Several Uygur language centres in Istanbul have opened in the past two years to try to keep traditions going.

At Uygur Ilim Market Vakfi school, classes start at 6.30am for the 220 students. Children whose parents are in Xinjiang can board at the school in Istanbul’s Selimpasa suburb.

Director Abdulgani Kutubi said he had to rush the opening of the school last year to house 40 orphans. It is still being built and does not even have a sign yet.

“We accept children from the age of six and we educate them until they graduate. In this way, we hope they don’t forget their mother language,” Kutubi said

A Uygur man looks on as a truck carrying paramilitary police travels along a street during an anti-terrorism oath-taking rally in Urumqi, Xinjiang. File photo: Reuters

Some schools – like Tangnuri – even publish their own Uygur textbooks. The school, which is in Zeytinburnu, opened in September 2017. It held Saturday and Sunday classes for about 30 students but quickly expanded at request of the parents.

“The students who were born here don’t really know anything about our culture and history unfortunately,” teacher Abdureshit Niyaz said.

Xinjiang Uygurs: China boasts of its protection and support for cultures in white paper

“Some students who came here four or five years ago, unfortunately also don’t know much.”

Shkur goes to Tangnuri five times a week, including Saturday mornings, then hurries home and turn on his PlayStation.

According to his mother, Shkur has forgotten the little Chinese he could speak, unlike his older brother, who received a Chinese-only education and was a teenager when the family arrived in Istanbul.

A girl reads the Koran in a religion class. Photo: Helene Franchineau

“My eldest son thinks in Chinese and watches Chinese movies” Asya said.

“I don’t want to forbid any language. My son is 19 now; maybe it is too late for him.”

Abduweli Ayup, a linguist, poet and staunch defender of the Uygur language, is pessimistic.

He used to run a network of Uygur language schools in Xinjiang until he was arrested and imprisoned for 15 months between 2013 and 2014.

He fled to Turkey in 2015 with his wife and two daughters.

To keep them practising, Ayup holds “Uygur weekends” where the five and 11-year-old girls must only speak or recite poetry in the language.

But Ayup acknowledged he may be fighting a losing battle.

“In foreign countries, you cannot keep your language alive, it is impossible,” he said.

“It is not their fault if my daughters speak Turkish to me.

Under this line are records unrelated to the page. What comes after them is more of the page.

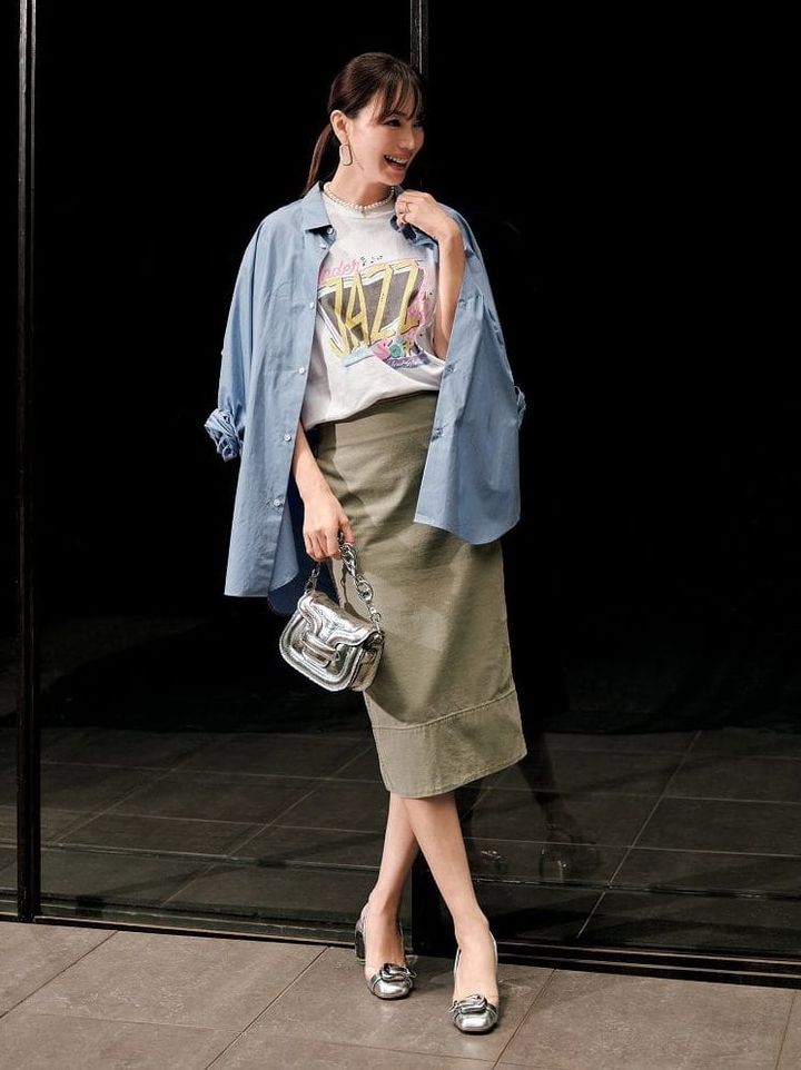 ポップなプリントTをカーキのタイトスカートで大人顔にシフト。ブルーのシャツを軽やかに羽織れば、シンプルなTシャツスタイルに奥行きが生まれます。足元はきれいめで引き締めて、通勤シーンにも映えるコーデに。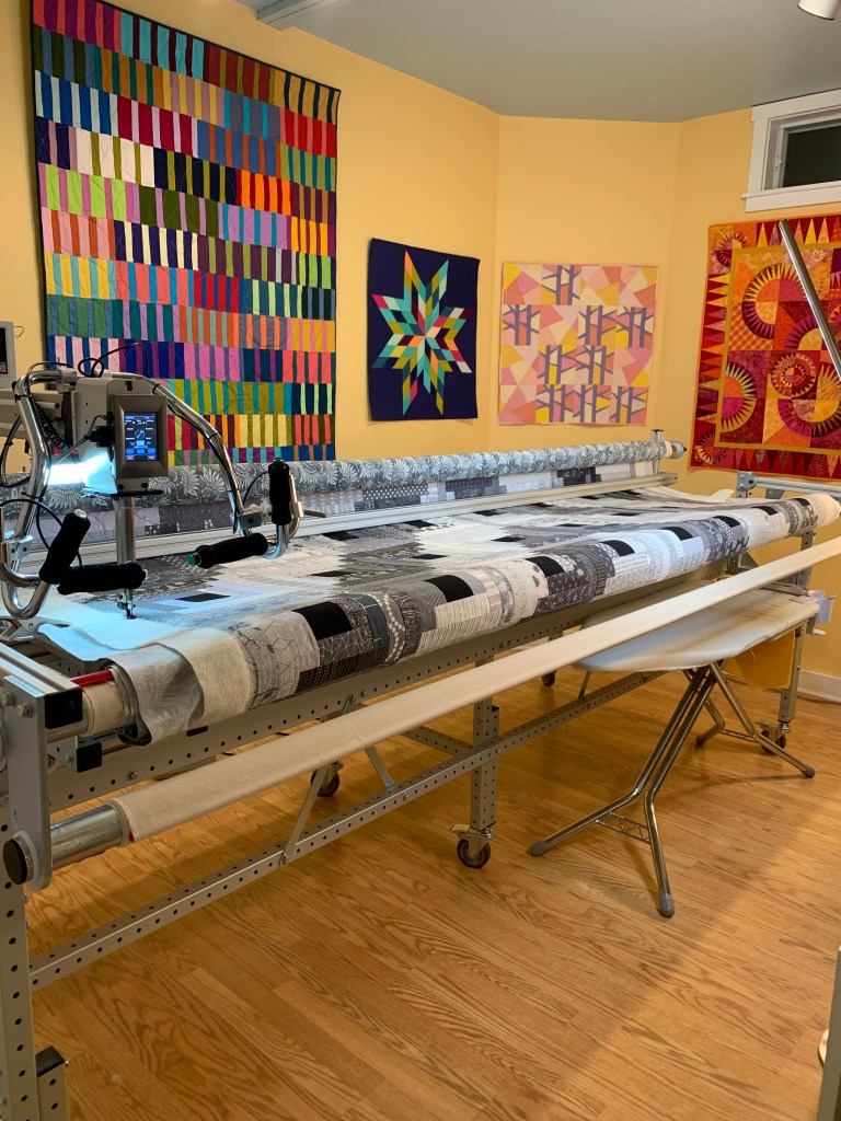 I quilted with a light grey thread by using the 40-inch Innova ruler equipment on the new Innova longarm. There is a basting line crease in this photo that is gone now as I express washed and dried Joyful to remove the basting lines.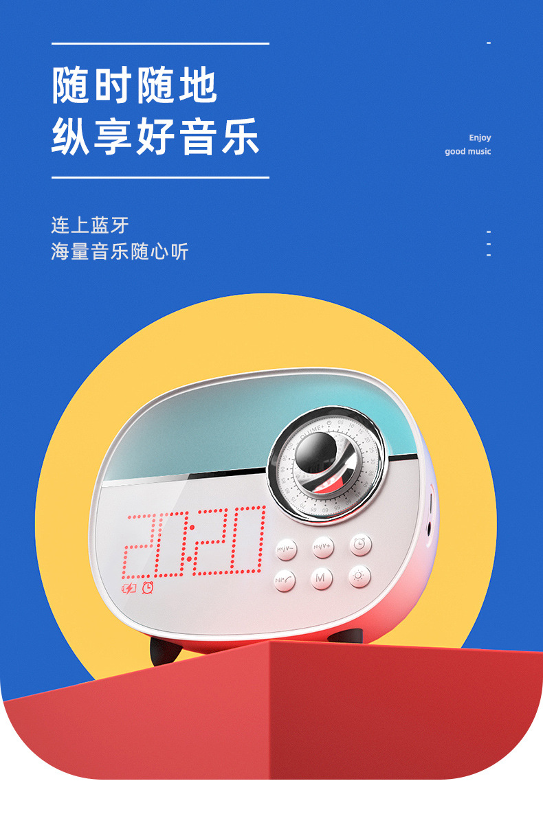 商品名称:REMAX 复古桌面收音机蓝牙音箱5.0 多功能闹钟夜灯蓝牙音箱 年会安慰奖品 商务型礼品

I brought them here.”

A poster reads: ‘My mother language, my king language’ at a Uygur school in Istanbul. Photo: Helene Franchineau

He tells his children that if they forget the language, “how can you communicate with your grandmother, uncles and aunts back in Xinjiang?”

The language centres have been taking in a rising number of orphans, as their parents returned to Xinjiang and were unable to come back. According to reports, Chinese authorities have been arresting Uygurs returning home from abroad.

Nearly half of the students at Hira Language Centre, near Istanbul’s airport, don’t have their parents with them.

“They are usually the quietest,” according to director Lokman Hira’i.

Despite the Uyghur-only environment the school provides, “the trend is toward assimilation” into Turkey, said Hira’i.

But Asya maintains there is a positive side to emigrating: “Before we left, my husband and I realised that had we stayed, our children would be like Chinese people … There would be no more Uygur element in them any more.”

“We are in Turkey, but we can live as Uygurs,” said Shkur. “One day I want to go back to my motherland. With all my friends in Turkey, maybe we can go back and all live together with the Chinese people.”